Begin at the line containing "The Pendragon Society" and restate it and each line after it exactly, up to and including the last line below. Leave pictures out.

BEGIN Data supplied

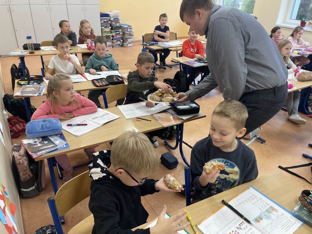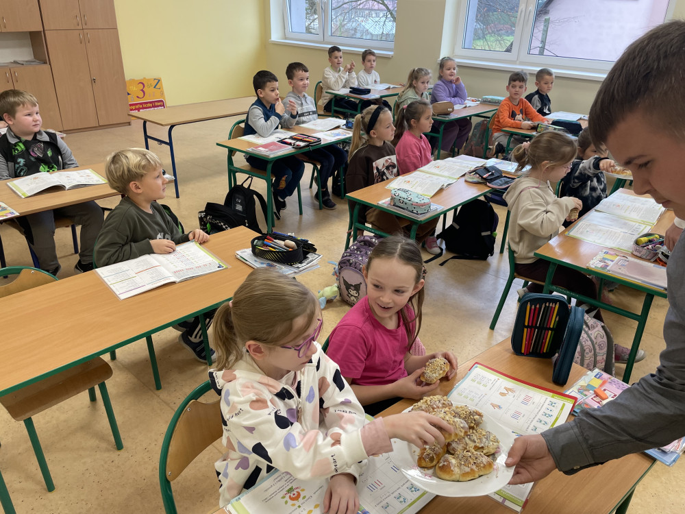 Zgodnie z coroczną tradycją - odwiedzali klasy w szkole by uroczyście podarować rogaliki marcińskie uczniom, nauczycielom i pracownikom szkoły. Dziękujemy Radzie Rodziców za przekazanie rogalików.
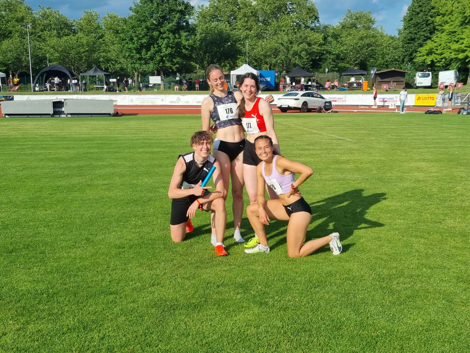 Ebenfalls am Start waren Yasmin und Keshia Kwadwo. Im Vorlauf der 100 Meter der Frauen konnte Yasmin mit 11,48 Sekunden eine neuen Saisonbestzeit aufstellen, im A-Finale war sie 11,50 Sekunden nur unwesentlich langsamer. In 11,60 Sekunden konnte ihre Schwester Keshia außerdem das B-Finale für sich entschieden. Beide untermalten mit ihren Leistungen noch einmal ihre Qualifikationen für die Deutschen Meisterschaften in Berlin. Ebenfalls im B-Finale des hochkarätigen Sprintfelds stand Kathrin Grenda (11,88sec), die ebenfalls im Vorlauf mit 11,83 Sekunden eine neue SB aufstellen konnte und damit die B-Norm für Berlin erfüllte. Über gute Zeiten konnten sich außerdem Anna Semler (12,36sec) und Vanessa Golownitsch (12,61sec) freuen. Und auch Alina „Neo“ Kuß und Lauryn Siebert liefen in 12,24 Sekunden solide 100 Meter.
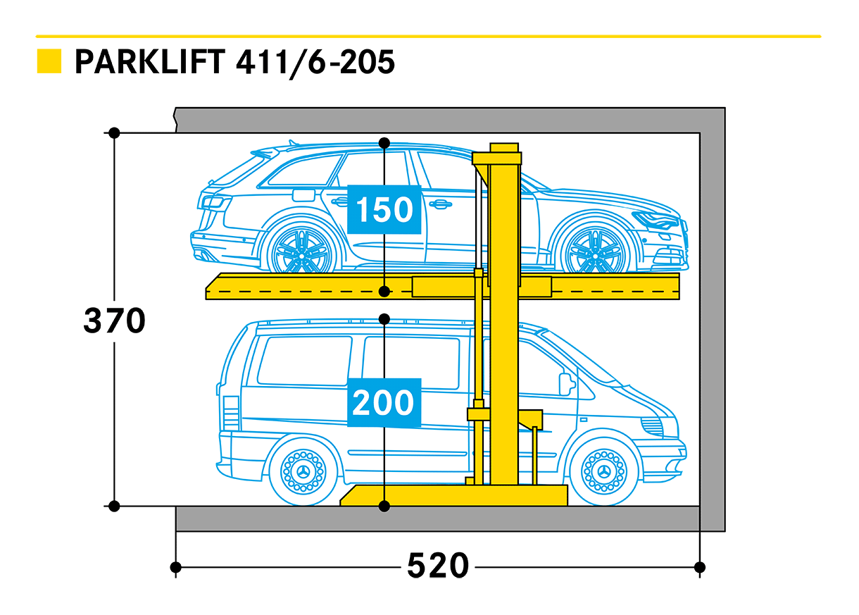 Dépendant signifie que la place inférieure doit être libérée pour permettre l'utilisation de la place supérieure. Avec un petit équipement supplémentaire, le Parklift 411 peut aussi être installé en extérieur. L'installation simple est conçue pour 2 véhicules.
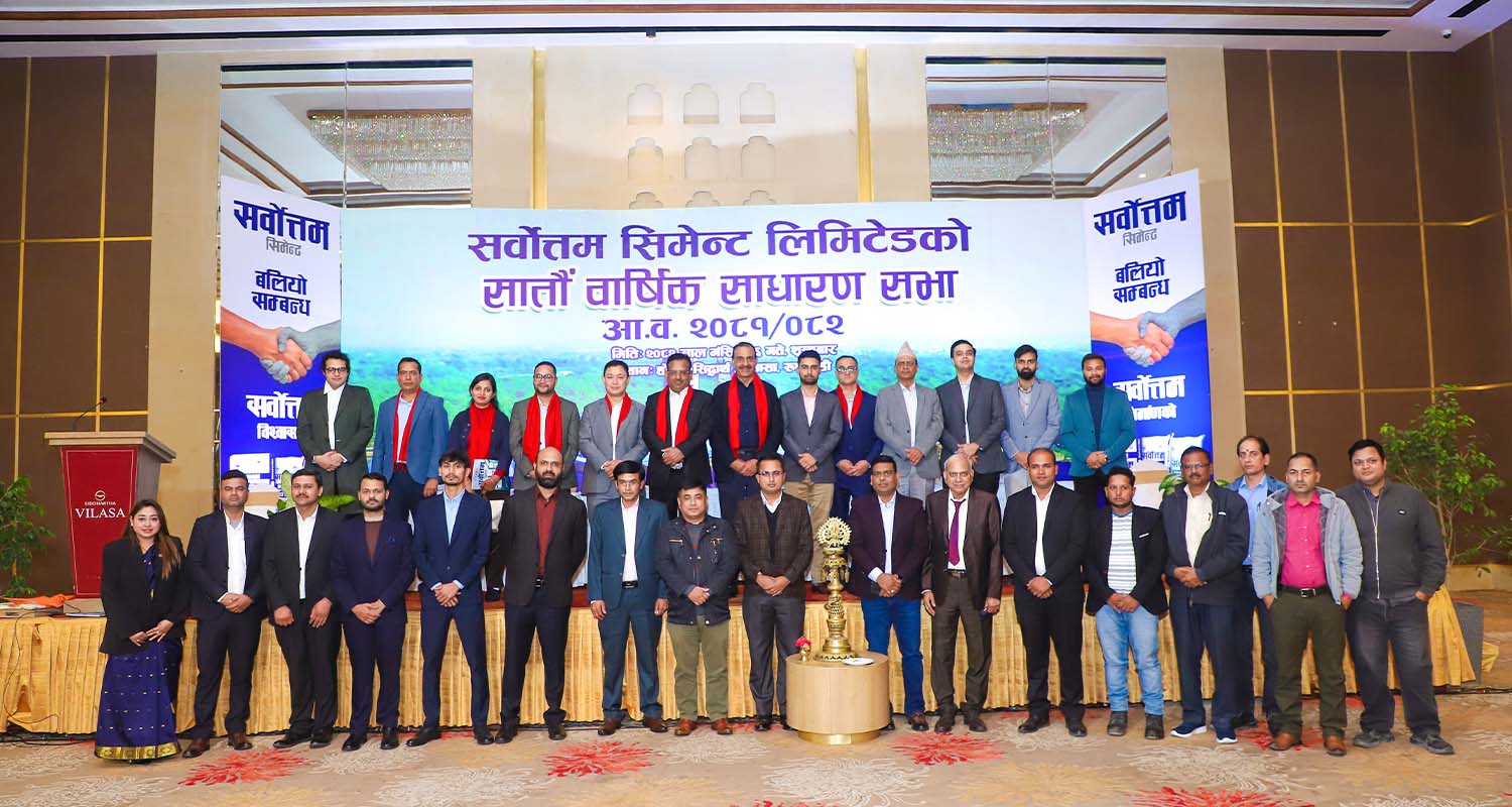 भैरहवा । सर्वोत्तम सिमेन्ट लिमिटेडको सातौँ वार्षिक साधारणस भैरहवामा सम्पन्न भएको छ।७६ प्रतिशतभन्दा बढी सेयरधनीहरुको उपस्थिति रहेको गत आर्थिक वर्षको मुनाफाबाट प्रस्तावित २० प्रतिशत लाभांश पारित गरेको छ ।
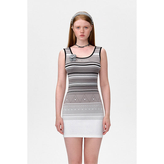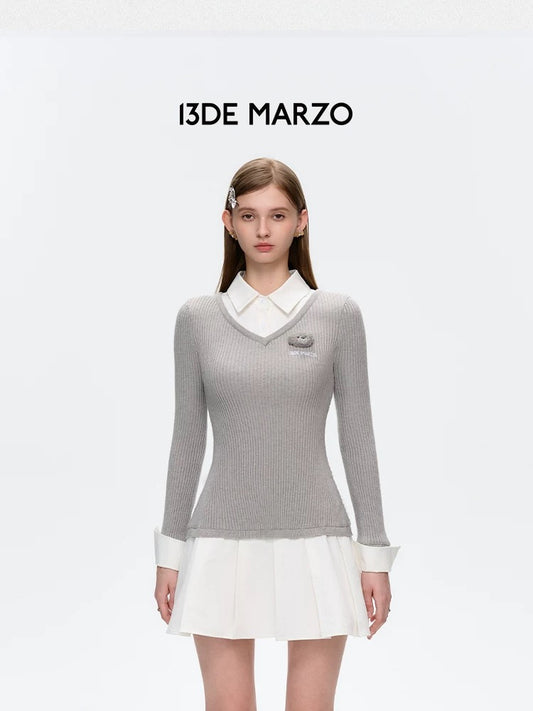 13DE MARZO Faux Two-Piece Sweater Dress Grey
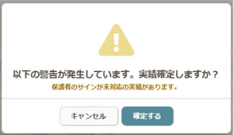 【保護者のサインが未対応の実績があります】という警告が出ますが、そのまま実績確定することができます。また、実績確定後でも連絡帳・実績を公開して電子サインをもらう事が可能です。
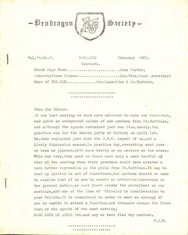 The Pendragon Society was founded in October 1959 by Jess Foster (Secretary) and Geoffrey Ashe (Chairman) with the aim to:
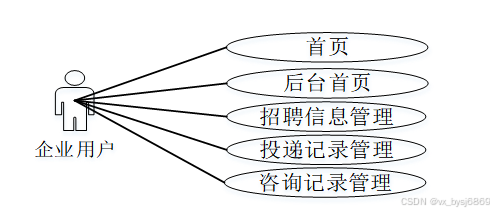 本系统用户权限分为3类,包括求职用户、企业用户和管理员,通过调查分析,系统主要的功能需求如下:

END Data supplied

§ **Result below**
 The Pendragon Society was founded in October 1959 by Jess Foster (Secretary) and Geoffrey Ashe (Chairman) with the aim to:
 本系统用户权限分为3类,包括求职用户、企业用户和管理员,通过调查分析,系统主要的功能需求如下:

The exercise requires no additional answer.